The drive away from the pool was long, graveyard quiet and the air in the car was as thick as a black veil. It was 38 degrees that afternoon but i felt chilly like it was 0 degrees as he drove straight to his house. When we got in we walked straight to the bar while i lurked around in the background wringing my palms and cracking my fingers in anxiety. He poured himself some whiskey, and me a glass of redwine, held out my hand and pulled me to sit on the sofa opposite his.

In that deep baritone of his,he said "there are things i should have told you a long time ago, but i didn't, because i was hoping this moment wouldn't come. I'm sorry to have treated you coldly at the pool". As i hurried to apologize for even asking such a question, he cut me off, saying something like it wasn't my fault. He spoke in a low voice so i couldn't make out the exact words.

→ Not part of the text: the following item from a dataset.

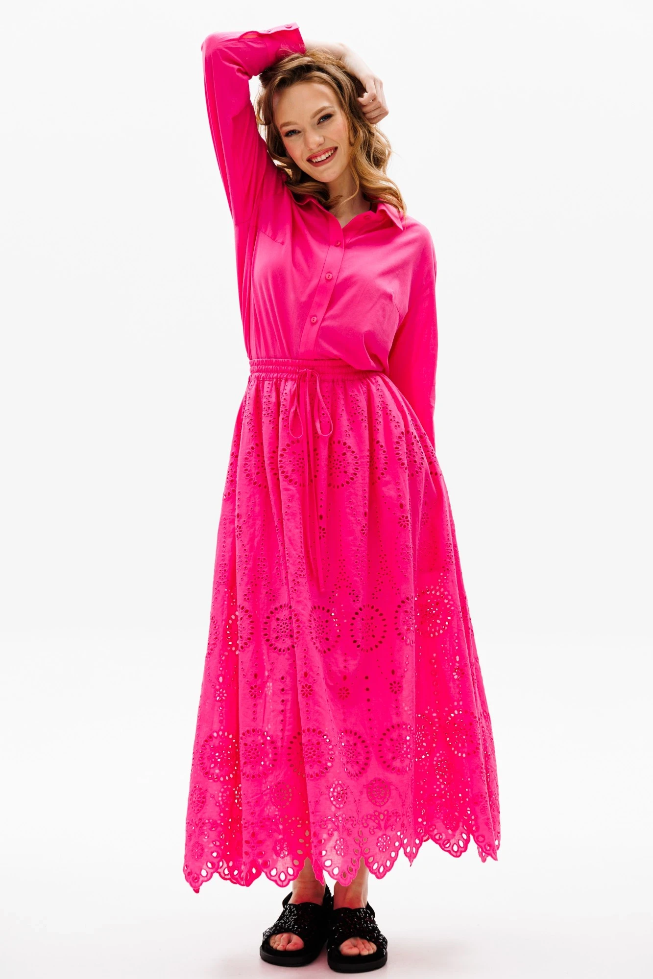 Юбка выполнена из хлопка с вышивкой. Юбка А-образного силуэта, длиной миди на притачном поясе. Переднее и заднее полотнище цельные, расширенные к низу. В боковых швах обработаны карманы. По центру пояса петли, в пояс втянут в шнур. По низу фестоны. Юбка на отлетной по низу подкладке.

He went ahead to tell me how he was madly inlove with an American girl back in the US when he was doing his Masters degree. They dated for only 6months but he knew he wanted to spend the rest of his life with her. He asked her to marry him and she obviously loved him that much because she accepted. They had planned to come to Nigeria so he could introduce her to his family and they were both so excited. Two weeks before the day they were to come to Nigeria, they had a fight, it was the normal lovers fight and was over something so trivial but she took it too personal. He wondered what was the matter with her. But since they were running late to a friend's wedding they just got into the car and drove without talking to each other.

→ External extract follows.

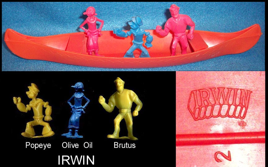 These Popeye figures were not made by MPC, but by Irwin Due to the hole in their bases it had been assumed they were made by MPC. Marked K.F.S. (Kings Feature Syndicate)owners of the Popeye copyright. 1/32 in scale. Jim McGough provided pictures of the figures in a canoe clearly marked Irwin. See the ALL OTHER USA MADE A-O page for availability

She broke the silence and apologized for her attitude. Said she didn't know what was wrong with her, she just seemed to always be in a mood of late. That was when it happened. A truck came out of nowhere, seemed the driver had lost control of his brakes, while Ralph who was driving tried to maneuver, it was too late as they were already so close, the truck collided with them at the side where she sat. She was badly injured though was rushed to the hospital. While the doctors battled to save her life he was informed that she was 6 weeks pregnant, and he thought, that was probably responsible for her mood earlier on. After two days in surgery, she died. Since then he hadn't been the same, he had vowed never to fall in love as a part of him died when he lost the most important person in his life and the little life that was growing inside her. He came to Nigeria days after her funeral as her parents did not want to keep the corpse for too long and has been trying to find solace, then he met me. He liked me too much that he felt he was betraying his promise to her

By the time he was done with the story, we were both crying uncontrollably. I went over to where he sat, i tried to put my hand around him to console him but he would not take it. I stayed there for as long as i could, but he wasn't coming around. He had blocked me out emotionally, and now i felt he was doing so physically too. When i couldn't take how he had closed me out, I picked my tote bag, kissed him on the forehead and walked out. Tears ran down my cheeks blurring my vision as i drove back to my house

I cried, not for what i felt for him or what we had had. But i cried for what we could have been. Maybe if we hadn't fallen for eachother we could still be together. But who am i fooling? i liked him too much i would never have been satisfied with being second fiddle even to one who wasn't alive. I tried to reach him days after and he just said he appreciated my concern and he is sorry for causing me any pain. Two weeks later he went back to the US and sent me an SMS to inform me, and wished me happiness elsewhere that he was sorry he just couldn't be the one to give me that happiness.

I was totally crushed and cried for days as i realized i had just had my heart broken for the first time.